** EXERCISE AIM **
Although the entries contain pictures, return everything else in them verbatim and omit the pictures.

════════════════════

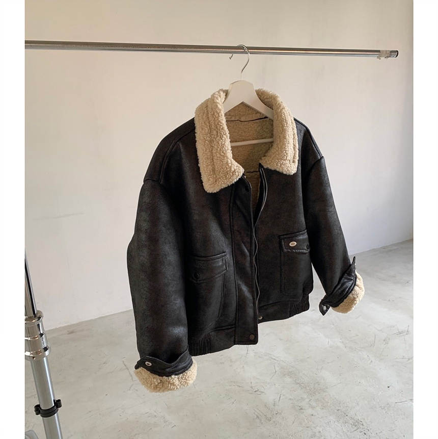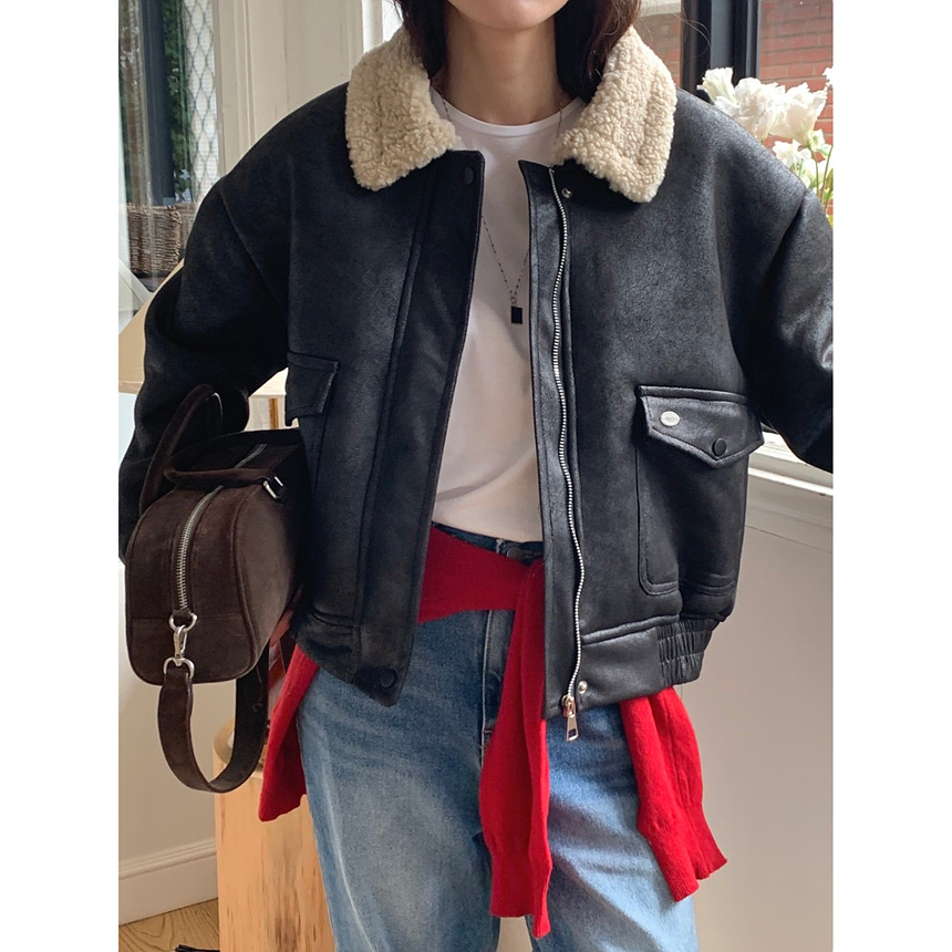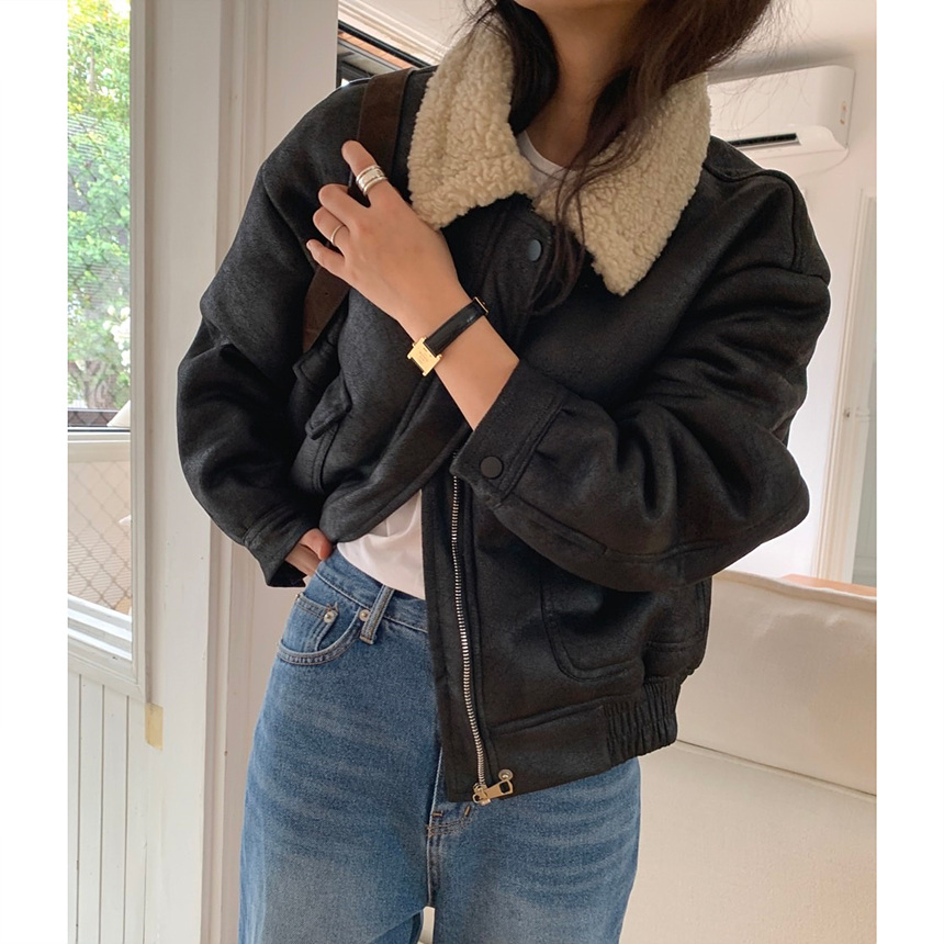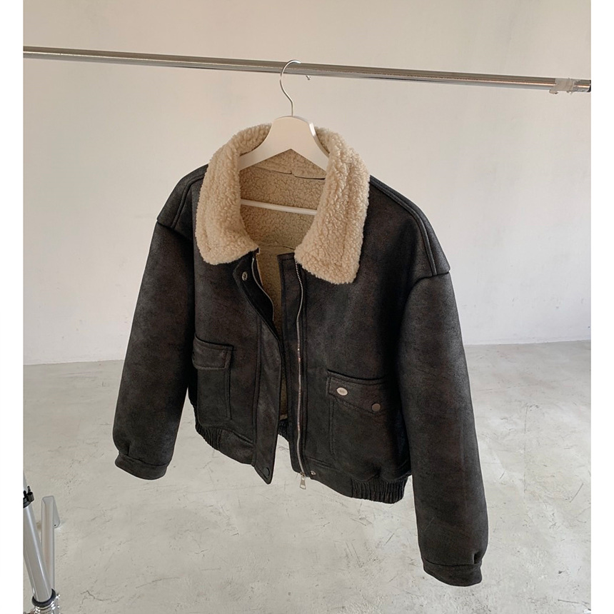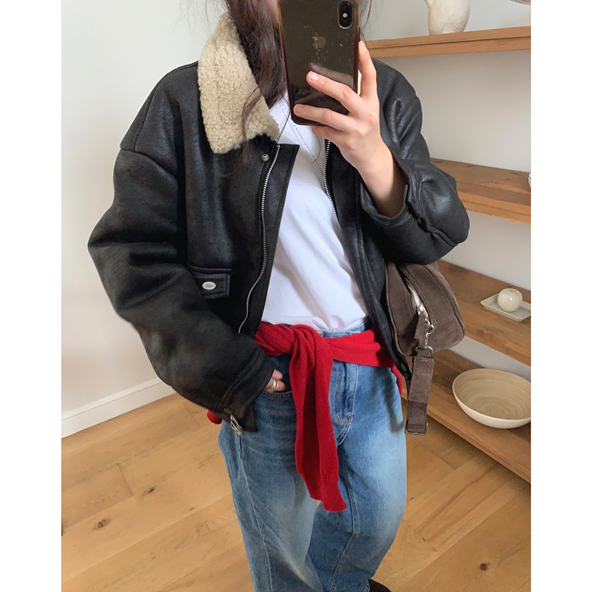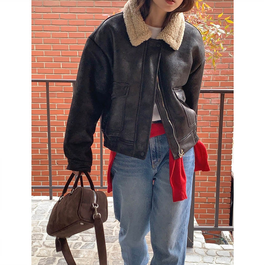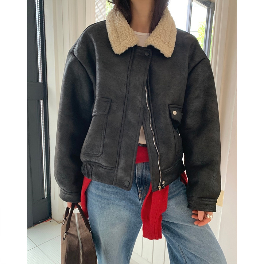 라이 뽀글 카라 양털 무스탕 숏 점퍼
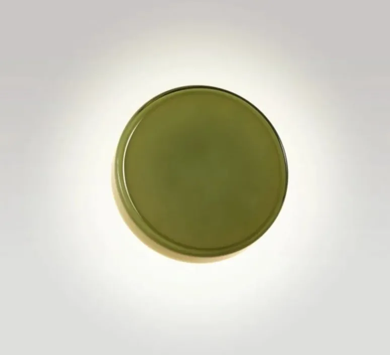 Son design circulaire et sa finition verte, associée à un diffuseur en polycarbonate et verre soufflé, lui confèrent une allure rétro et épurée. L’applique projette une lumière douce et chaude sur le mur, créant une ambiance chaleureuse. Idéale pour les espaces intérieurs, elle peut être utilisée dans un salon, un hall d’entrée ou un bureau pour ajouter une touche élégante et discrète à la décoration. Éteinte, elle devient un élément graphique qui valorise le mur.
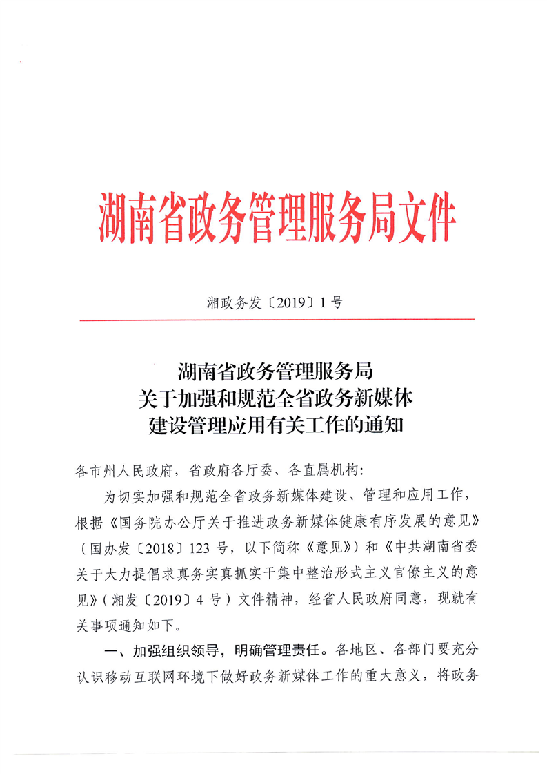 湘政务发〔2019〕1号-关于加强和规范全省政务新媒体建设管理应用有关工作的通知
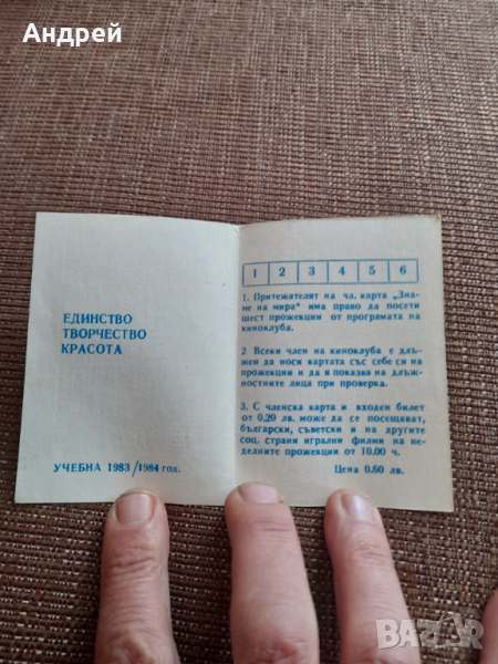 Стара Членска карта Киноклуб Знаме на Мира → Обява 44796064
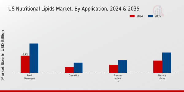 The Application segment of the US Nutritional Lipids Market plays a crucial role in driving the industry forward, showcasing its versatility across various domains such as Food and Beverages, Nutraceuticals, Cosmetics, and Pharmaceuticals. Each of these areas not only contributes to the overall market growth but also reflects changing consumer preferences and the growing emphasis on health and wellness in the United States. The Food and Beverages segment is increasingly incorporating nutritional lipids, catering to a consumer demand for fortified foods that provide significant health benefits, particularly in areas related to heart health and weight management.
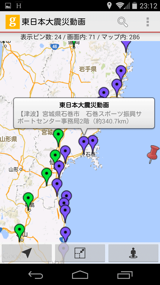 ※このマップから参照される動画には、津波被害の様子など、なまなましい映像が含まれています。視聴にあたってはご注意ください。
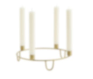 Round candle holder in iron with a lovely color of antique brass. Has three feet and four candle holders. Becomes a real eyecatcher at the center of the dinner table.
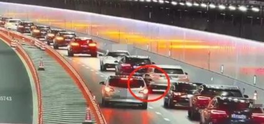 近日,深圳交警通过视频巡逻发现一辆小车停在深中隧道K59路段,同时有乘客通过车窗探出头来,疑似在拍摄,此行为非常危险。
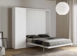 Lit Escamotable 160×190 Cm Avec 1 Colonne De Rangement 2 Meubles Hauts Bois Blanc Kanto

════════════════════

** EXERCISE RESPONSE **
 라이 뽀글 카라 양털 무스탕 숏 점퍼
 Son design circulaire et sa finition verte, associée à un diffuseur en polycarbonate et verre soufflé, lui confèrent une allure rétro et épurée. L’applique projette une lumière douce et chaude sur le mur, créant une ambiance chaleureuse. Idéale pour les espaces intérieurs, elle peut être utilisée dans un salon, un hall d’entrée ou un bureau pour ajouter une touche élégante et discrète à la décoration. Éteinte, elle devient un élément graphique qui valorise le mur.
 湘政务发〔2019〕1号-关于加强和规范全省政务新媒体建设管理应用有关工作的通知
 Стара Членска карта Киноклуб Знаме на Мира → Обява 44796064
 The Application segment of the US Nutritional Lipids Market plays a crucial role in driving the industry forward, showcasing its versatility across various domains such as Food and Beverages, Nutraceuticals, Cosmetics, and Pharmaceuticals. Each of these areas not only contributes to the overall market growth but also reflects changing consumer preferences and the growing emphasis on health and wellness in the United States. The Food and Beverages segment is increasingly incorporating nutritional lipids, catering to a consumer demand for fortified foods that provide significant health benefits, particularly in areas related to heart health and weight management.
 ※このマップから参照される動画には、津波被害の様子など、なまなましい映像が含まれています。視聴にあたってはご注意ください。
 Round candle holder in iron with a lovely color of antique brass. Has three feet and four candle holders. Becomes a real eyecatcher at the center of the dinner table.
 近日,深圳交警通过视频巡逻发现一辆小车停在深中隧道K59路段,同时有乘客通过车窗探出头来,疑似在拍摄,此行为非常危险。
 Lit Escamotable 160×190 Cm Avec 1 Colonne De Rangement 2 Meubles Hauts Bois Blanc Kanto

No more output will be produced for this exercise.